Additional seat belt use findings in Georgia in 2023 showed:

  • The seat belt use rate was lower for drivers (86.7%) vs. right-front passengers (92.5%)
  • The seat belt use rate varied between type of vehicle driven — 88.3% in passenger cars, 91.6% in SUVs, 80% in trucks and 85.3% in vans/minivans. 
  • The seat belt use rate was higher for women (91.2%) than for men (84.2%).
  • The seat belt use rate was highest among Hispanic occupants (89.3%), followed by white occupants (88.4%) and Black occupants (84.3%).
  • Seat belt rates were highest in counties in the Atlanta metropolitan statistical area (MSA) (89.2%), followed by counties not in an MSA (84.7%) and counties in other MSAs (83.7%). MSAs are geographic regions with a relatively high population density and adjacent counties with economic ties to the central area.
  • Seat belt use was highest among those 70 years of age and older (90.3%), followed by those 8-15 years old (right front-seat passengers only) (87.4%) and those aged 25-69 (87.4%), those aged 16-24 (85.3%), and those <8 years old (right front-seat passengers only) (68.5%).

Driver distractions in Georgia in 2023 showed:

  • 19.6% of drivers of cars, trucks, SUVs and vans/minivans were observed to have some form of visible distraction, such as talking, texting, dialing or eating. 
  • Talking (hands-free) was the most commonly observed distraction (7.4%) followed by other distractions (5.4%), texting or dialing with a hand-held device (5%) and talking with a hand-held device (1.9%).
  • Driver distraction was higher in passenger cars (20.1%) and SUVs (20.4%) than in vans/minivans (18.9%) and trucks (17.2%).
  • Distracted driving was higher for women (22.3%) than for men (17.7%).
  • Driver distraction was highest in Atlanta MSA (20.1%), followed by non-MSA (19.3%) and other MSA (17.8%)
  • Driver distraction decreased with increasing age.

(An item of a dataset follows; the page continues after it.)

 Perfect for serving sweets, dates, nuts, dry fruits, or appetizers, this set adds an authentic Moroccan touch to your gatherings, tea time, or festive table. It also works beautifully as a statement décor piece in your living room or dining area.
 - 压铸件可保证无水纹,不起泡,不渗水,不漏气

Rupp says results from the 2024 research will be used to assess progress on the state’s work to reduce death and injury in motor-vehicle crashes by increasing rates of restraint use. IPRCE will share data with the GOHS-facilitated State Highway Safety Plan task teams who are developing programs and organizing efforts to prevent injury.  

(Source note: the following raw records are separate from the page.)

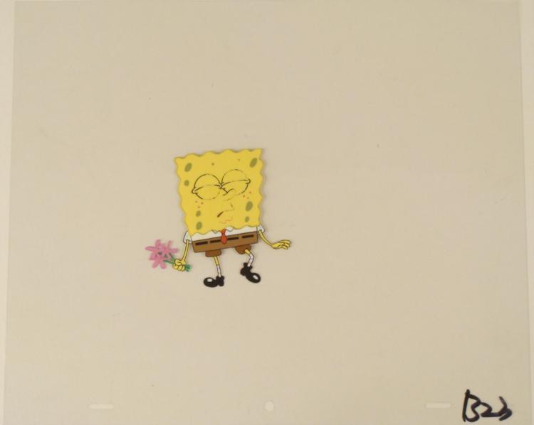 This original animation cel is from the Nickelodeon TV show SpongeBob Squarepants. The story takes place under the deep blue sea in Bikini Bottom, where SpongeBob resides. SpongeBob, who is a yellow, porous sponge, is your typical happy-go-lucky character, as he is always cheerful and enjoys making people laugh. Patrick Star, SpongeBob's neighbor who is a starfish, is your average children's show idiot, as he boasts knowing nothing and is often getting himself into ridiculous situations. Between the homes of these two lies the home of the miserable Squidward, a squid, who is known for being grouchy and playing tricks on SpongeBob and Patrick. Both SpongeBob and Squidward work at the Krusty Krab, a fast food business run by the greedy money-loving Mr. Krabs, a crab, the arch rival of the evil, possibly misunderstood, Plankton. Another neighbor, Sandy Cheeks, an athletic squirrel who normally wears an astronaut's space suit, was introduced in "Tea at the Treedome." She spends most of her time inventing and experimenting. * Think you are invisible and you will be invisible... It has worked once before, who says it won't work again?? * Original Production Animated Cel Overall Size of Cel: 10 1/2" x 12 1/2" Very Good Condition This is an original hand-painted cel set-up used in the production of an episode of "SpongeBob SquarePants." Each one-of-a-kind set-up represents a slight change in position of the characters. When individually photographed and projected in rapid succession, the images appear to move. * To create production cels, the original animator's drawing is transferred onto an acetate cel (by hand-inking and/or photo copying). The cel is then hand-painted on the reverse side. * The cel received by the winning bidder may be ever so slightly different from the one in the auction photos. * The cel is ready to be matted and framed. The animator's notations are at the bottom of the cel. There is some paint fade to Spongebob's outline. *
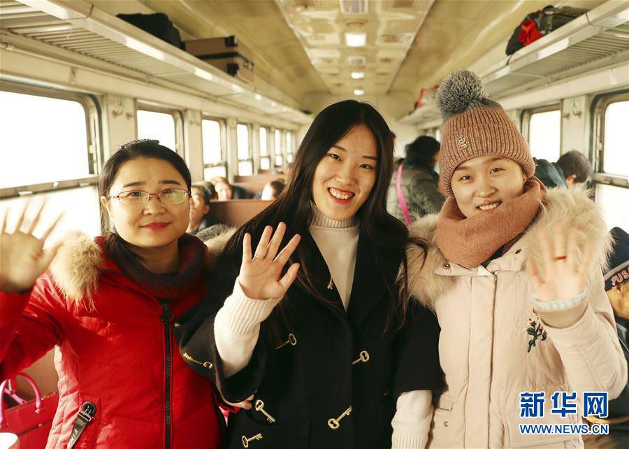 1月4日,三名乘客在太原开往石家庄北的6034次列车上留影。当日,由太原开往石家庄北的6034次“绿皮车”驶上它最后一次旅程。据悉,从1月5日零时起,全国铁路将实行新的旅客列车调整运行图,往返太原和石家庄北的6034/6033次列车将升级为空调客车。新华社发(张秀科 摄)
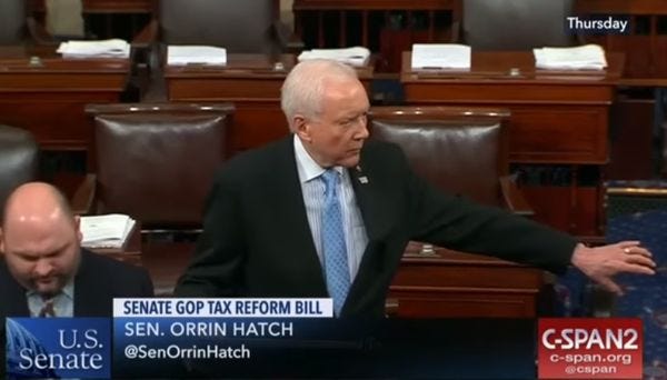 During Thursday night's debate on the tax bill, Hatch was pressed -- again! -- by Ohio Democrat Sherrod Brown to commit to reauthorizing CHIP, which expired at the end of September. Hatch insisted he really is committed to CHIP, oh heavens, yes of course: "Nobody believes more in the CHIP program than I, I invented it -- I was the one who wrote it. [Ted] Kennedy came over and became the one who helped put it through." But then Hatch went off on a tear about why reauthorizing CHIP is hard, what with money being short and all, for some reason:
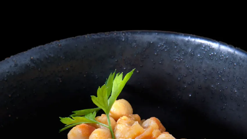 Receta de garbanzos con refrito de jamón y tomate, un plato de legumbre elaborado con salsa de tomate, jamón serrano en dados dorados. Receta Karlos Arguiñano.

“The Governor’s Office of Highway Safety and our collaborators continue to implement programs designed to save lives and promote safe driving behaviors,” says Allen Poole, director of the Governor’s Office of Highway Safety. “We ask everyone to help our state and nation reach the attainable goal of zero traffic deaths by driving safe speeds, always wearing a seat belt, keeping the focus on the road and not the phone, and never operating a vehicle under the influence of any substance that impairs your ability to drive.”

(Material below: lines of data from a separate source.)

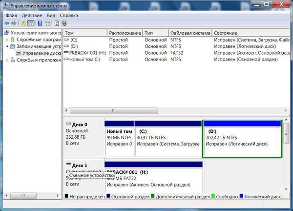 В окне «Управление дисками» отображаются диски и тома в графическом представлении или представлении списка.
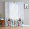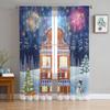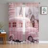 Om de zăpadă de Crăciun Scenă de zăpadă Casă roz Perdele transparente Decorațiuni pentru casă de Crăciun Perdele din tul pentru fereastră pentru sufragerie dormitor
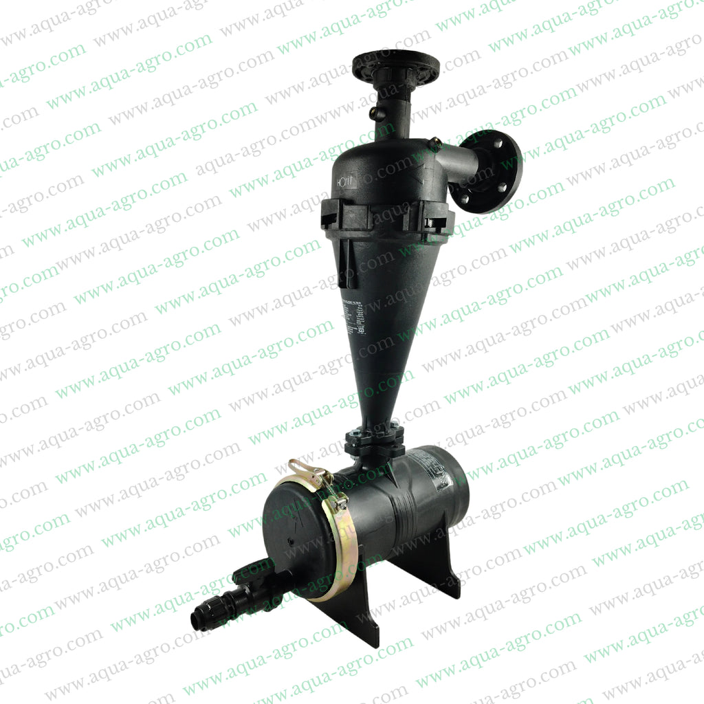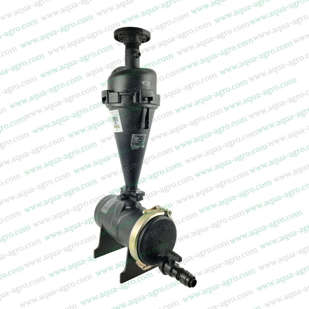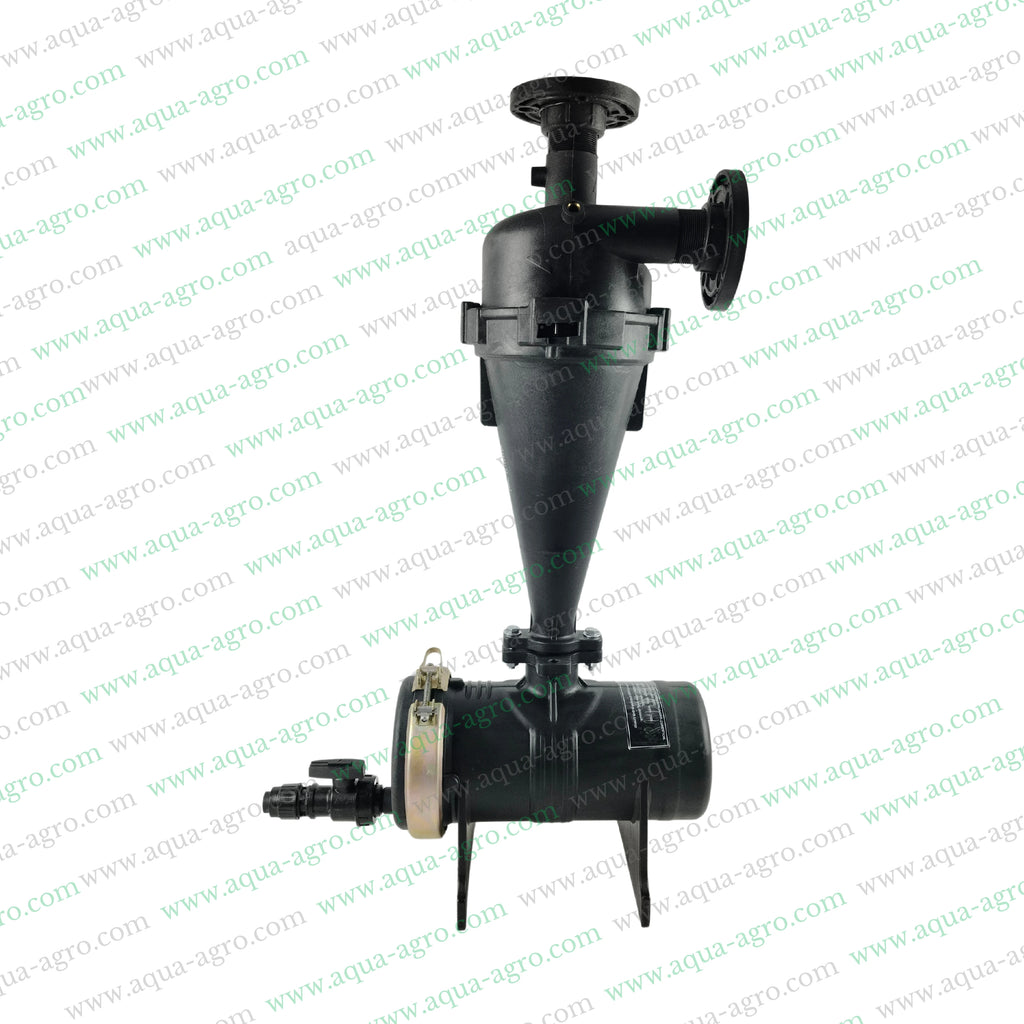 The AUTOMAT Hydrocyclone Filter provides efficient vortex filtration, handling up to 25 m3/hr of flow. With a durable plastic body and 120 micron filtration capability, it's perfect for taking on any challenge. Available in bold black, it's ready to take on your toughest filtration needs!

The National Highway Traffic Safety Administration (NHTSA) estimates that 42,915 people were killed in traffic crashes in the United States in 2021, which is a more than 10% increase from 2020 and the most traffic deaths in the nation since 2005. 

Roadside observations of seat belt use will be performed in the following 20 Georgia counties starting in May 2024: Cobb, DeKalb, Early, Floyd, Gwinnett, Habersham, Haralson, Harris, Hart, Monroe, Morgan, Murray, Peach, Polk, Richmond, Rockdale, Spalding, Thomas, Ware and Worth.